I. We have first the flight into Egypt and the prophecy fulfilled therein. The appearance of the angel seems to have followed immediately on the departure of the Magi. They were succeeded by a loftier visitor from a more distant land, coming to lay richer gifts and a more absolute homage at the infant’s feet. The angel of the Lord, who had already eased Joseph’s honest and troubled heart by disclosing the secret of Mary’s child, comes again. To Mary he had appeared waking; her meek eyes could look on him, and her obedient ears hear his voice. But Joseph, who stood on a lower spiritual level, needed the lower form of revelation by dream, which betokens less susceptibility in the recipient and less importance in the communication. It is the only form appropriate to his power of receiving, and four times it is mentioned as granted to him. The warning to the wise men was also conveyed in a dream. We can scarcely help recalling the similar prominence of dreams in the history of the earlier Joseph, whose life was moulded in order to bring Israel into Egypt.

The angel speaks of ‘the young child and His mother,’ reversing the order of nature, as if he bowed before the infant, ‘Lord of men as well as angels,’ and would deepen the lesson which so many signs gathering round the cradle were teaching the silent Joseph,—that Mary and he were but humble ministers of the child’s. The partial instruction given, and the darkness left lying over the future, are in accordance with the methods of God’s leading, which always gives light enough for the next duty, and never for the one after that. The prompt and precise obedience of Joseph to the heavenly vision is emphatically expressed by the verbal repetition of the command in the account of its fulfilment. There was no hesitation, no reluctance, no delay. On the very night, as it appears, of the dream, he rose up; the simple preparations were quickly made; the wise men’s gifts would help to sustain their modest wants, and before the day broke they were on their road. How strangely blended in our Lord’s life, from the very dawning, are dignity and lowliness, glory and reproach! How soon His brows are crowned with thorns! The adoration of the Magi witnesses to Him as the King of Israel and the hope of the world. The flight of which that adoration was the direct cause witnesses no less clearly to Him as despised and rejected, tasting sorrow in His earliest food, and not having where to lay His head.
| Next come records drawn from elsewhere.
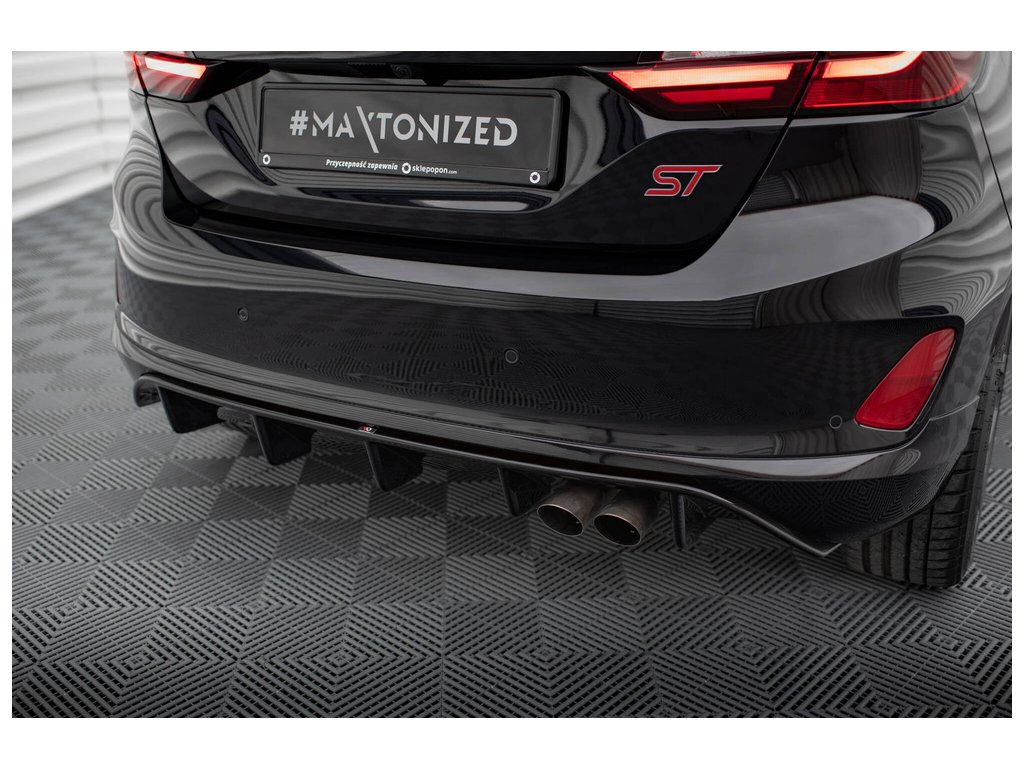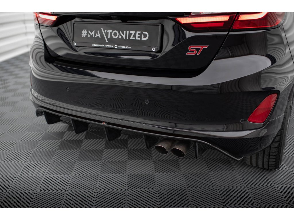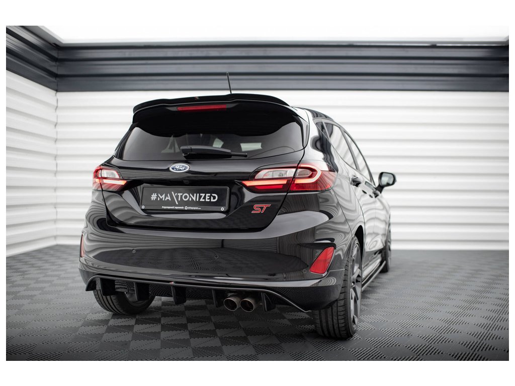 Maxton Design vložka zadního nárazníku pro vozidlo Ford Fiesta ST Mk8 . Povrchová úprava spoileru černý lesklý plast ABS.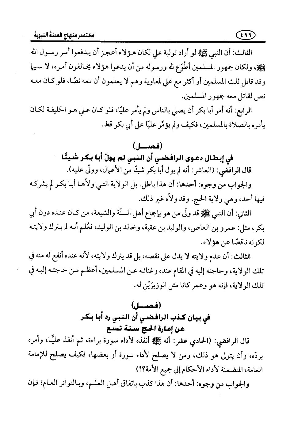 النَّبِيَّ - صَلَّى اللَّهُ عَلَيْهِ وَسَلَّمَ - اسْتَعْمَلَ أَبَا بكر على الحج سنة تسع، ولم يَرُدَّهُ وَلَا رَجَعَ، بَلْ هُوَ الَّذِي أَقَامَ لِلنَّاسِ الْحَجَّ ذَلِكَ الْعَامَ، وعليٌّ مِنْ جُمْلَةِ رَعِيَّتِهِ: يُصَلِّي خَلْفَهُ، وَيَدْفَعُ بِدَفْعِهِ، وَيَأْتَمِرُ بِأَمْرِهِ كَسَائِرِ مَنْ مَعَهُ.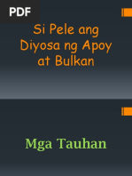 Si Pele Ang Diyosa ng Apoy at Bulkan Tagpuan Pangunahing Tauhan Saan at Kailan Pele-Diyosa ng apoy at bulkan 1. Kahit nakalipat sila sa isang mataas na lugar naabutan pa rin sila ni Namaka at nag laban na sila ni Pele at nanalo si Pele subalit ikinamatay niya ito dahil siya ay nanghina. Sa kasukdulan ng kanilang alitan ay lumikha si Pele ng isang bulkan at pagkatapos itoy pumutok Natalo niya si Namaka ngunit nanghina siya at saka namatay.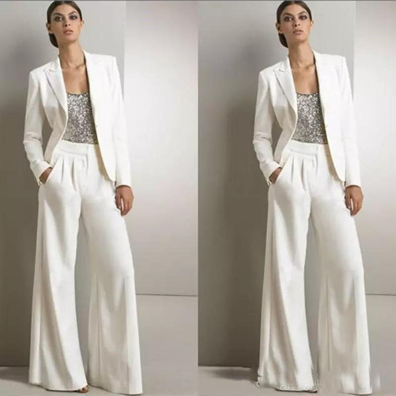 White Women Suits Sets Blazer+Wide Leg Pants 2 Pcs Chic Wedding Tuxedo Coat Loose Prom Dress Tailored Made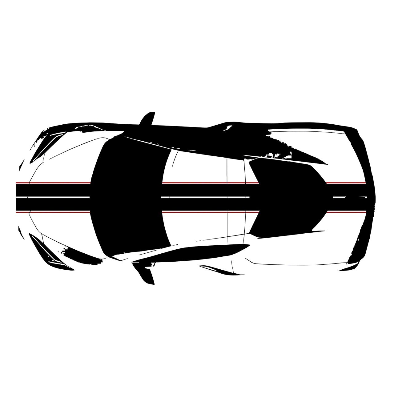 Striking Gloss Black Base with Red Accents. Featuring a high-gloss black finish as the primary stripe and bold red pinstripes along the edges, this kit delivers contrast and style in perfect proportion. The gloss effect enhances the C8’s body contours, while the red outlines add precision detail that highlights the car’s aerodynamic flow.

But the most important part of the story is the connection which Matthew discerns between it and Hosea’s words. In their original place they are not a prophecy at all, but simply a part of a tender historical résumé of God’s dealings with Israel, by which the prophet would touch his contemporaries’ hearts into penitence and trust. How, then, is the evangelist justified in regarding them as prophetic, and in looking on Christ’s flight as their fulfilment? The answer is to be found in that analogy between the national and the personal Israel which runs through all the Old Testament, and reaches its greatest clearness in the second part of Isaiah’s prophecies. Jesus Christ was what Israel was destined and failed to be, the true Servant of God, His Anointed, His Son, the medium of conveying His name to the world. The ideal of the nation was realised in Him. His brief stay in Egypt served the very same purpose in His life which their four hundred years there did in theirs,—it sheltered Him from enemies, and gave Him room to grow. Just as the infant nation was unawares fostered in the very lap of the country which was the symbol of the world hostile to God, so the infant Christ was guarded and grew there. The prophecy is a prophecy just because it is history; for the history was all a shadow of the future, and He is the true Israel and the Son of God. It would have been fulfilled quite as really, that is to say, the parallel between Christ and the nation would have been as fully carried out, if His place of refuge had been in some other land; but the precise outward identity helps to point the parallel to unobservant eyes. The great truth taught by it of the typical relation between the nation and the Person is the key to large regions of Old Testament history and prophecy. Rightly, therefore, does Matthew call our attention to this pregnant fact, and bid us see in the divine selection of the place where the young life of God manifest in the flesh was sheltered, a fulfilment of prophecy. Egypt was the natural asylum of every fugitive from Palestine, but a deeper reason bent the steps of the Holy Family to the shelter of its palms and temples.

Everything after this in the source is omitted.